EXERCISE AIM :: From the first line to the last, retype everything below exactly, minus the pictures.

INPUT DATA ::
● ● ●
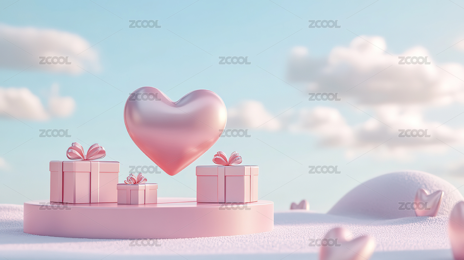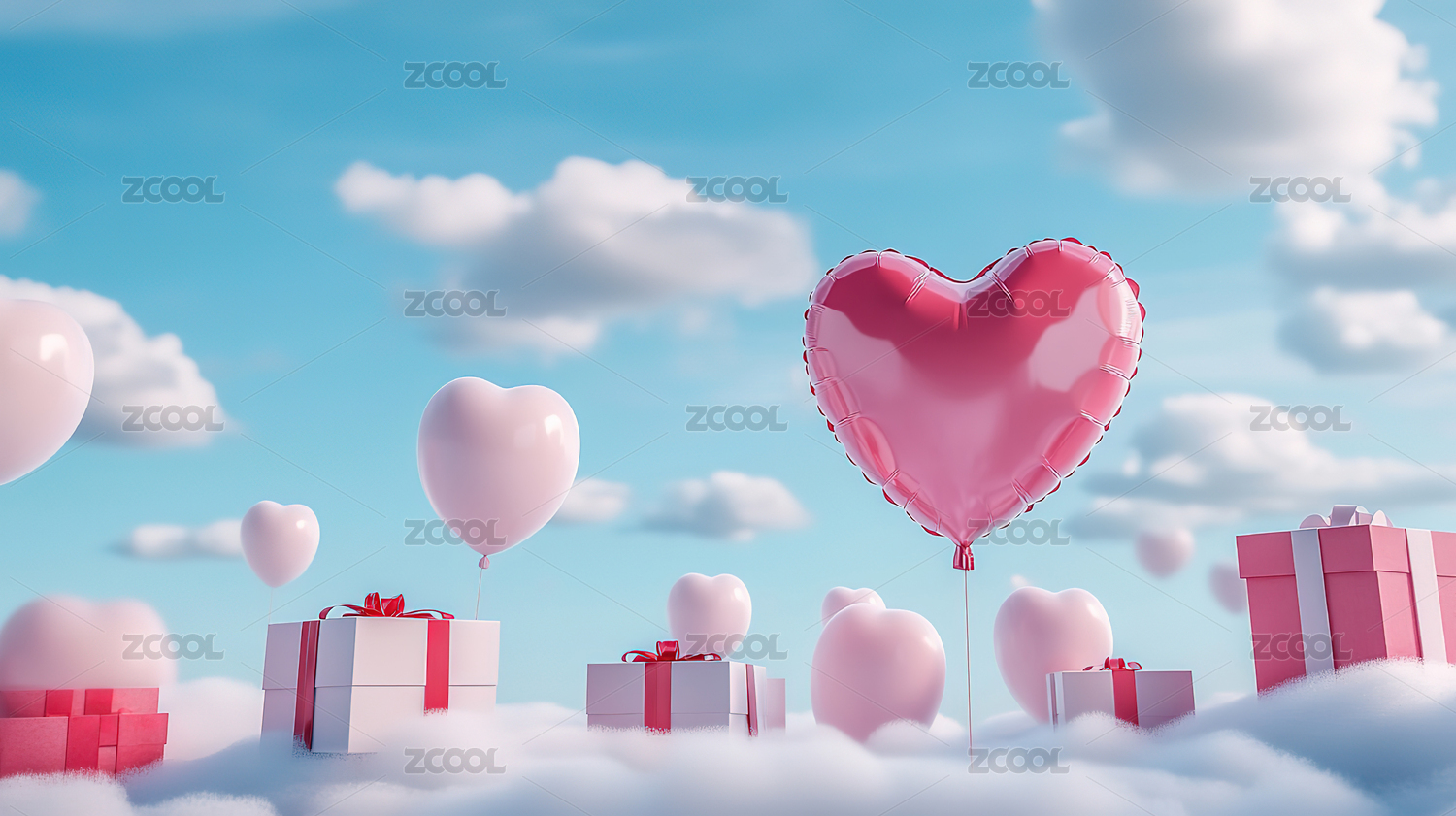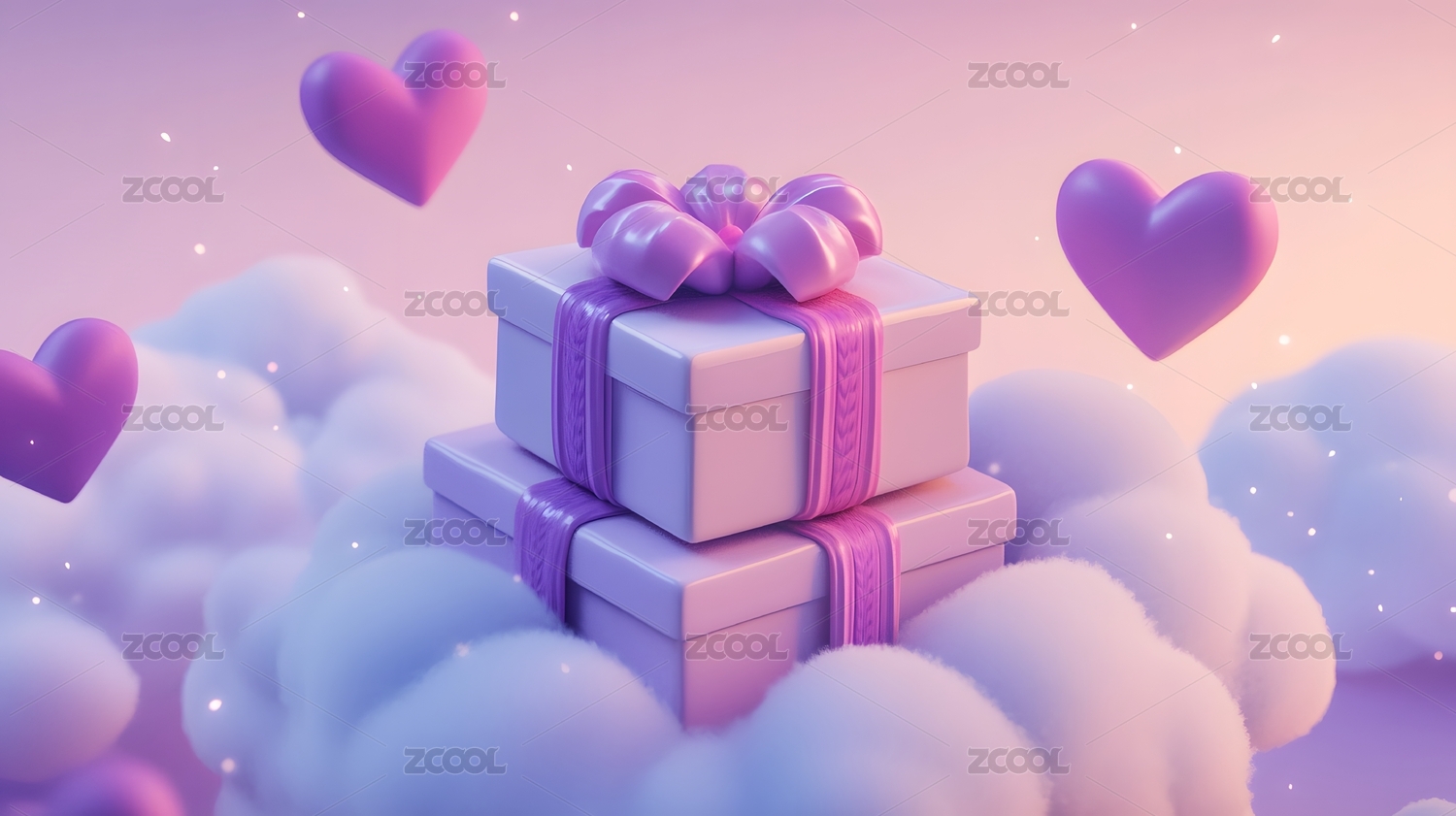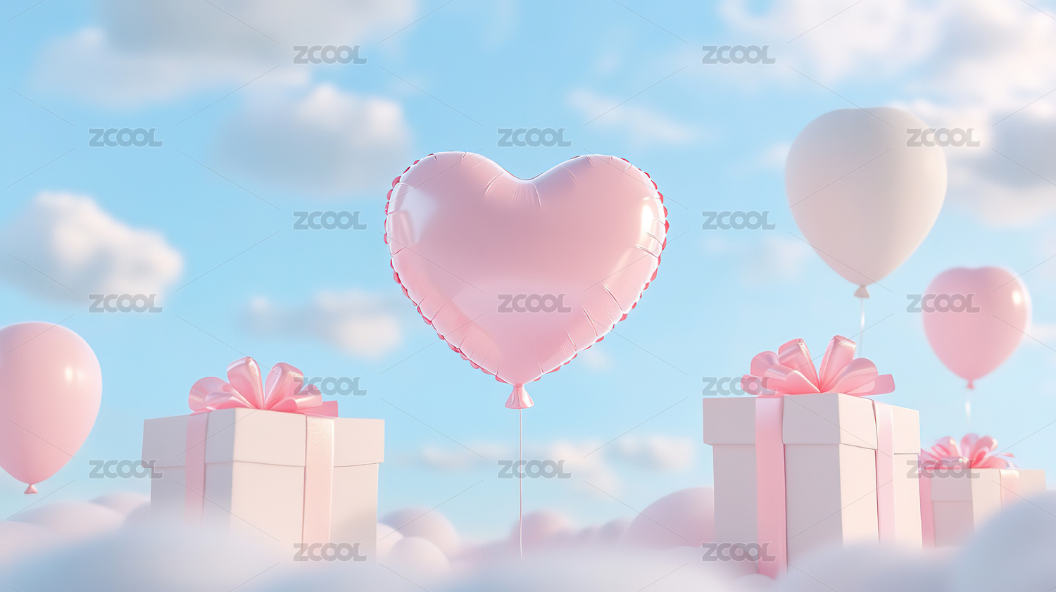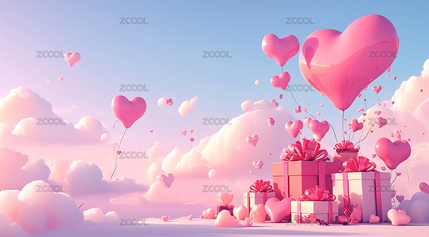 粉色爱心礼物云朵背景
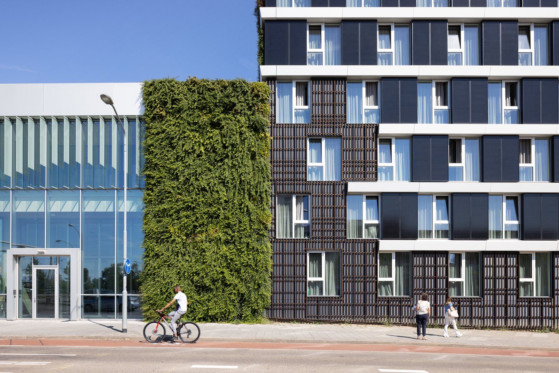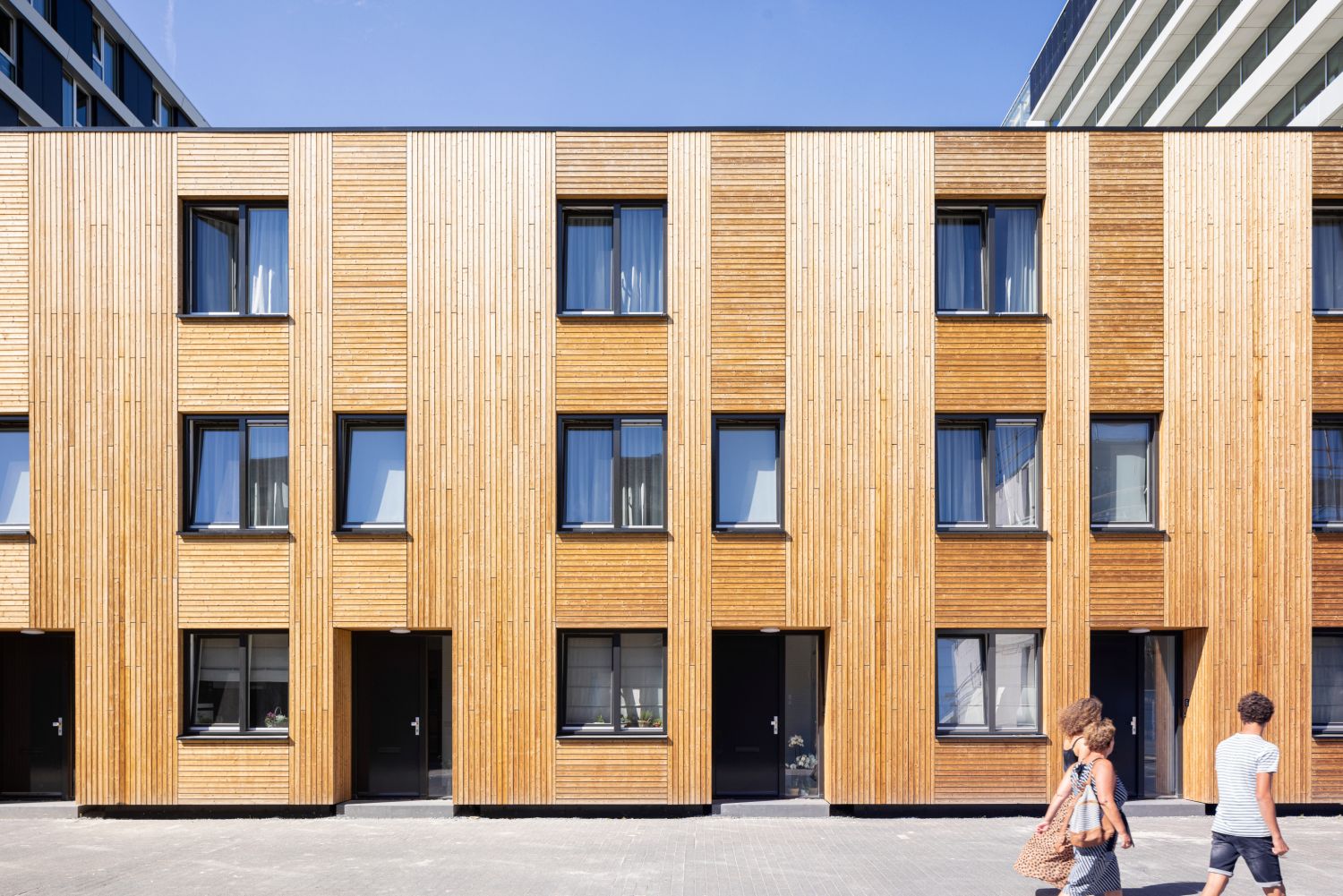 Bij het woongebouw is met hetzelfde materialenpakket gewerkt als bij het stadskantoor. Hout, groene gevels, aluminium, en het beton buiten het zicht zijn deel van deze materialen. De hoge duurzaamheidsambities zijn zichtbaar gemaakt in het gebruik van zonnepanelen in de gevels, hergebruik van Accoya delen, groene gevels en het gemeenschappelijk gebruik van de buitenruimten. Hiermee wordt op energetisch vlak vooruit gelopen op de nieuwe wet- en regelgeving om het gebouw nu al aan de nieuwe BENG-3-eisen te laten voldoen.
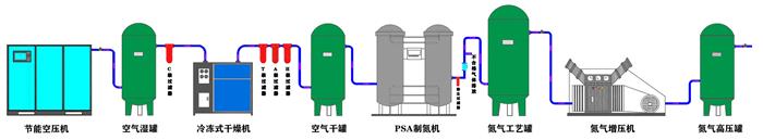 4.氨气净化:将分离出来的氮气通过净化器进行进一步净化,去除残留的水分、二氧化碳、烃类和其他杂质,
● ● ●
EXERCISE ANSWER ::
 粉色爱心礼物云朵背景
 Bij het woongebouw is met hetzelfde materialenpakket gewerkt als bij het stadskantoor. Hout, groene gevels, aluminium, en het beton buiten het zicht zijn deel van deze materialen. De hoge duurzaamheidsambities zijn zichtbaar gemaakt in het gebruik van zonnepanelen in de gevels, hergebruik van Accoya delen, groene gevels en het gemeenschappelijk gebruik van de buitenruimten. Hiermee wordt op energetisch vlak vooruit gelopen op de nieuwe wet- en regelgeving om het gebouw nu al aan de nieuwe BENG-3-eisen te laten voldoen.
 4.氨气净化:将分离出来的氮气通过净化器进行进一步净化,去除残留的水分、二氧化碳、烃类和其他杂质,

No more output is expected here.